My Lords, I have added my name to Amendment 174 in this group. I wish to speak to that and other amendments that I support.
Possibly the greatest asset that we gained from our decades of EU membership was the development of and assistance on the highest standards. In consumer and environmental protection, employment practices, public health standards, animal health and in the development of social policies, we have all benefited enormously and our quality of life has been greatly enhanced. Often, we as a nation were at the forefront of the development of those EU policies. On occasion, in our own legislation, we chose to adopt even higher standards, as my noble friend Lord Teverson said earlier. Those were the days when we really were world-beating.
It is therefore very disappointing that the Bill contains nothing to guarantee high standards; there is no process set out to agree even minimum standards. The amendments in this group seek to rectify this, hence it is a legitimate aim to seek higher standards or to maintain existing standards.

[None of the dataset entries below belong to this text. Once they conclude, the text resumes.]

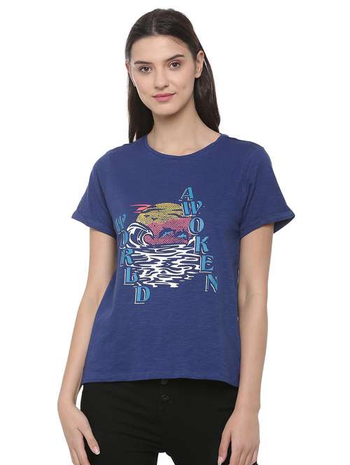 turn up sleeved graphic print tee - 16040457 - Very Small Image - 1
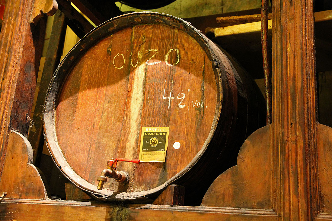 Ouzo (an anise-flavored aperitif), by the barrel.
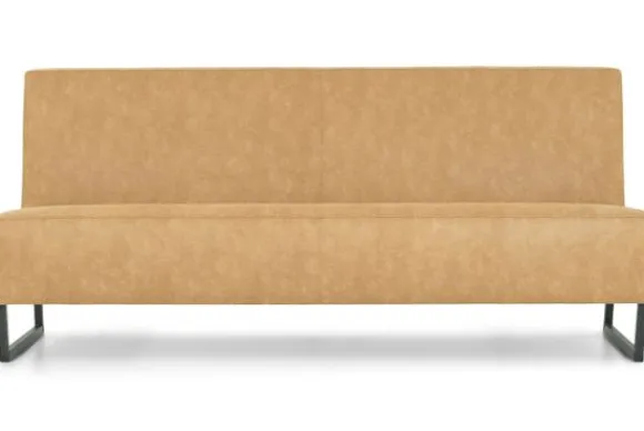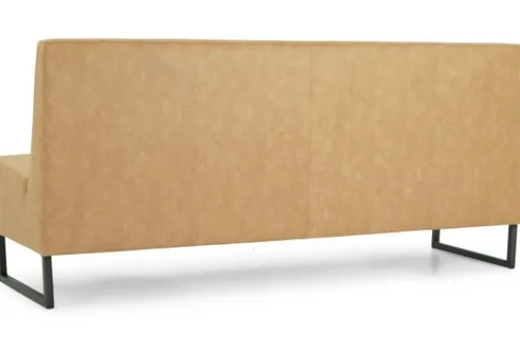 Deze eetkamerbank komt met een dichte naad, metalen sledepoten, gladde rugleuning en dichte voor- en achterkant. Deze eetbank wordt geleverd met een extra steunpoot in het midden vanaf een breedte van 220 cm tot 250 cm, vanaf 250 cm komt er een extra sledepoot in het midden.
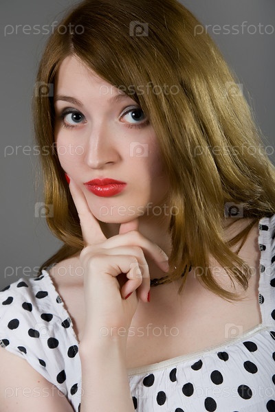 Красивая девушка в платье в горох
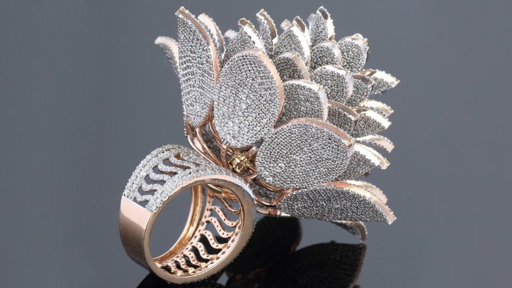 Το κόσμημα, που ονομάζεται «The Marigold – το δακτυλίδι της ευημερίας», μετρά 12.638 διαμάντια και ζυγίζει λίγο παραπάνω από 165 γραμμάρια.
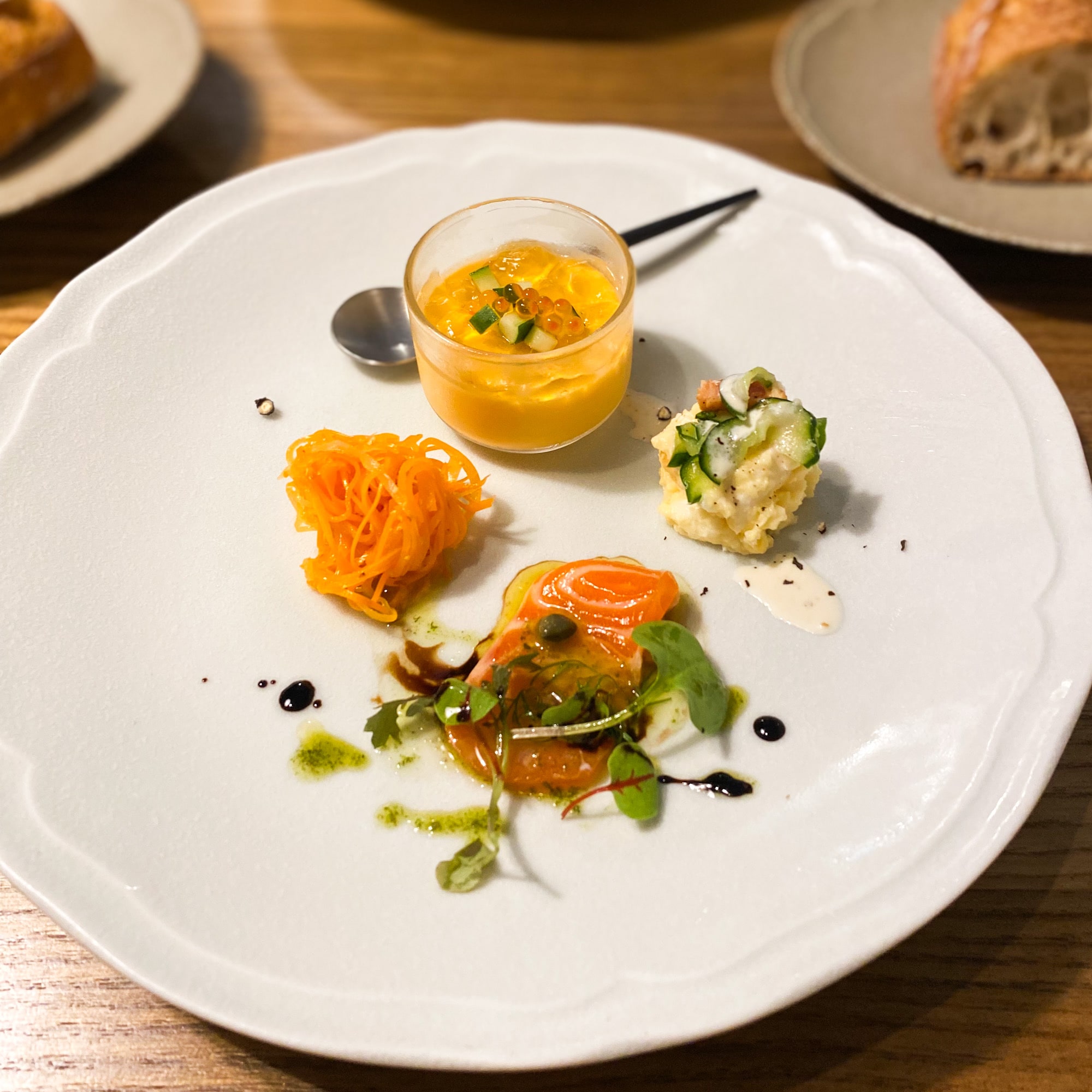 見た目にも鮮やかなプレート。特にこのグラスに入ったジュレが酸味とお出汁が効いていてゼッピンでした。そして

Across the world, the experience of capitalism reveals that unfettered markets—capitalism in the raw—without a sound framework of standards often drive down standards to the lowest common denominator. For example, in the USA, hardly a country struggling for development, market access provisions unaccompanied by agreed minimum standards have led to deregulation as a way to attract business. It is well known as a ploy.
8.45 pm
One of the notable contributions of 20 years of devolution has been an enthusiasm for new approaches—experimentation, if you like—to create higher standards. Other noble Lords have referred to this. In animal health, there was the Welsh ban on electric shock collars for dogs. On environmental standards, again in Wales, charges were introduced for single-use carrier bags. In public health, minimum unit pricing for alcohol was introduced, first in Scotland and then in Wales. Next year the Welsh Government plan to introduce further restrictions on single-use plastics. Wales is the perfect size for experiments of this type, and existing devolved powers have allowed for them. How does the Minister see the interaction between the principle of unfettered access into Great Britain for goods from Northern Ireland and EU regulations which increasingly diverge from those of the rest of the UK?
Common frameworks are designed to respect and maintain standards, and to accommodate new ones. Those that the Common Frameworks Scrutiny Committee, of which I am a member, have seen so far in draft form, illustrate that this is a viable approach, but neither standards nor common frameworks are mentioned in the Bill. Instead, there is every incentive for standards to atrophy, because the Bill recognises the status quo but penalises the devolved Administrations that seek to introduce new measures by reducing their power and freedom of movement.
The Bill freezes the existing regulatory differences at the point when this Bill comes into force. It undermines the incentive for regulatory change, improvement or experimentation. The law on the sale of air guns, for instance, is very much tighter in Northern Ireland and Scotland than in Wales and England. To buy an air gun in Scotland, you must be present in person. Would that be regarded as indirectly discriminatory against, for example, suppliers from the rest of the UK? Clearly it cannot be regarded as such at the moment because it is an existing provision. If, however, the Scottish Government introduced something like that in the future, would it be regarded as indirectly discriminatory in the terms of this Bill?
Exactly how do the Government intend to retain our reputation as a country with high standards? I remind the Minister that once we lose our reputation as a reliable partner with which to do business, we then lose our trading partners. I say to the noble Baroness, Lady Noakes, that high standards are not barriers to trade. They unlock trade. We are not the world’s shady
market trader. We are an innovative trading nation known for quality and reliability. To keep that reputation through the revolution that we have wished upon ourselves, we must maintain the market mechanisms that created that reputation. We live in a rapidly changing regulatory environment, and this Bill undermines the incentive for us to be ahead of the curve.